La primera vez que la tuve ante mí me quedé helado; no por lo que mis ojos veían, sino por la mirada con que me recibió. Tras unas gafas negras, de pasta, gruesas, se escondían unos ojos pequeños que me desnudaron en lo más profundo de mi intimidad. Sin articular ella palabra alguna, a pesar de mi saludo, su mirada fría, calculadora, analítica y sin miramientos ni condescendencias, me incomodó tanto que a los pocos segundos busqué una excusa para evitar seguir siendo el centro de su atención. Mi huida no me libró de esa sensación de libertad vigilada, totalmente condicionada y pendiente de permanente revisión, que ya en aquel momento intuí que ella había decretado en torno a mí. Desde aquel día, sus profundas reflexiones, jamás verbalizadas, me sometían y angustiaban como creo que jamás nunca ni antes he experimentado.
Las otras ocasiones en las que posteriormente llegamos a coincidir sirvieron para que ciertos temores míos se fuesen confirmando. Cada vez que estaba con ella, yo evitaba mirarla; lo confieso. Siempre, aun formando parte de un grupo en el que ella debería haber sido un mero elemento más, allí estaba, inquisidora, perdonando vidas ajenas,… desintegrándome con sus pupilas negras.
Mis palabras hacia ella siempre eran recibidas, en el mejor de los casos, con un silencio profundo y un achicamiento inmediato de esos ojillos con los que me fusilaba haciendo que cada vez me sintiese más dominado e incómodo. Me podía; me anulaba. Reconozco, cobijándome en la intimidad que solo ofrece y garantiza este escenario, que durante mucho tiempo me produjo cierto miedo.

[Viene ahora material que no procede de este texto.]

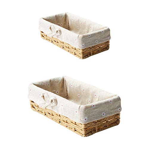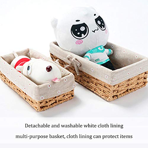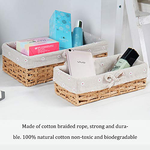 XYDZ 2PCS Cestino in Vimini Cesto Contenitore Organizer Tessuto Corda di Cotone Rettangolari Perfetti per Riporre Oggetti di Piccole Dimensioni Con Fodera Bianca Rimovibile e Lavabile - Beige

En aquellos tiempos y durante semanas, barajé diversas opciones, sopesando estrategias de acercamiento que me permitiesen controlar, o al menos atravesar, mínimamente al menos aquella situación tan molesta para mí. Jamás conseguí nada, absolutamente nada. Todo discurría siempre igual en cada clase; una tras otra, todas se desarrollaron sin cambio alguno.
Es más, el paso del tiempo no iba sino consiguiendo que cada vez yo me sintiese más frágil e impotente. Lo verdaderamente inquietante para mí era el hecho de saber que, como mínimo, tendría que mantener contacto con ella durante 9 meses y que en aquellos momentos, sus escasos 9 años de edad le daban una energía solo proporcional a la que ella necesitaba para, con su sola presencia y una mirada condescendiente, chupar mi vitalidad.
Ayer, caminando por la calle y transcurridos 8 o 9 años de aquellos momentos, me crucé con una adolescente. Vestida de negro profundo, enmascarillada hasta las cejas, casi sin elementos que pudiesen ser reconocidos por nadie incluso cercano a ella, vi unas gafas… ¡Volví a ver aquellas gafas! Un latigazo inesperado me sacudió unos de los recuerdos más grises de mi vida. ¿Ella? ¿Otra?
No sé y me daba ciertamente igual. Realmente, me dio igual 5 segundos después de cruzármela pues en aquel momento, en aquel instante, el pecho se me encogió antes de salir corriendo y cruzar el semáforo, casi sin mirar y mientras estaba en rojo. Mi objetivo, repentino, fue huir antes que revivir. Sentir que no sentía. Escapar.